## Action item
Write out every line below again exactly as it stands, skipping each image.

## Materials provided
+++
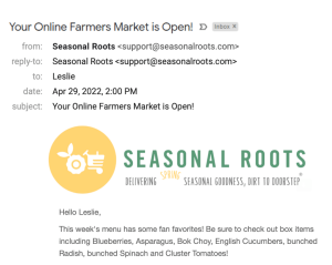 Each week, we have nearly 200 items available on the Seasonal Roots online farmers market. On Friday, you’ll receive a Market Open Email at 2pm that highlights which seasonal produce, new artisan goods and bundles are available.
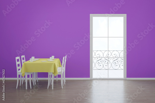 Esszimmer mit Balkon und Tisch
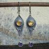 Серьги ручной работы с синим лунным камнем, винтажные серьги из старого металла, фиолетовые серьги с каплями воды
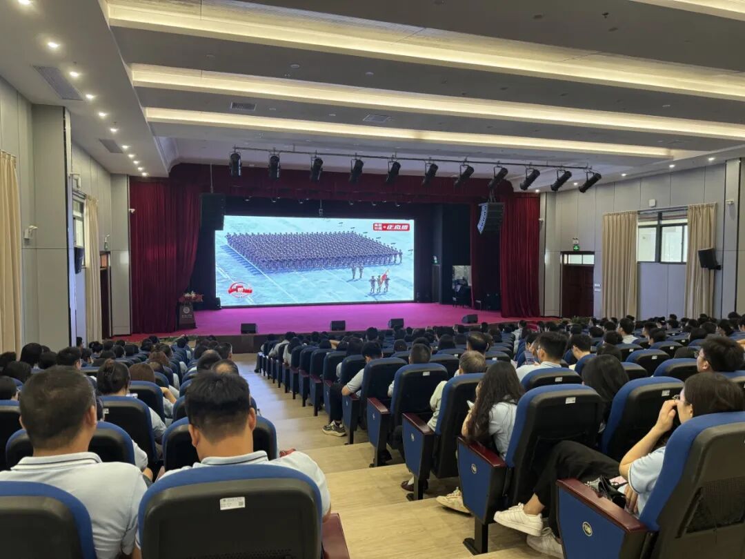 天安门广场上,45个方队梯队威武行进,会议室屏幕前,教职工目光炽热、掌声不断。两个时空在此刻交汇于同一种情感——对伟大祖国的深切热爱与自豪。此次阅兵是党和国家政治生活中的一件大事,也是中国全面推进中国式现代化进入新征程的首次阅兵,对于高校师生来说,这更是一堂生动的爱国主义教育课。
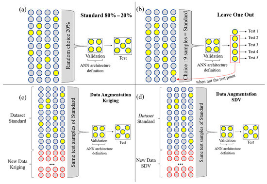 Data preparation. (a) Standard ANN separation. (b) Leave One Out condition. (c) Kriging data augmentation. (d) SDV data augmentation.
+++
## Result for this task
 Each week, we have nearly 200 items available on the Seasonal Roots online farmers market. On Friday, you’ll receive a Market Open Email at 2pm that highlights which seasonal produce, new artisan goods and bundles are available.
 Esszimmer mit Balkon und Tisch
 Серьги ручной работы с синим лунным камнем, винтажные серьги из старого металла, фиолетовые серьги с каплями воды
 天安门广场上,45个方队梯队威武行进,会议室屏幕前,教职工目光炽热、掌声不断。两个时空在此刻交汇于同一种情感——对伟大祖国的深切热爱与自豪。此次阅兵是党和国家政治生活中的一件大事,也是中国全面推进中国式现代化进入新征程的首次阅兵,对于高校师生来说,这更是一堂生动的爱国主义教育课。
 Data preparation. (a) Standard ANN separation. (b) Leave One Out condition. (c) Kriging data augmentation. (d) SDV data augmentation.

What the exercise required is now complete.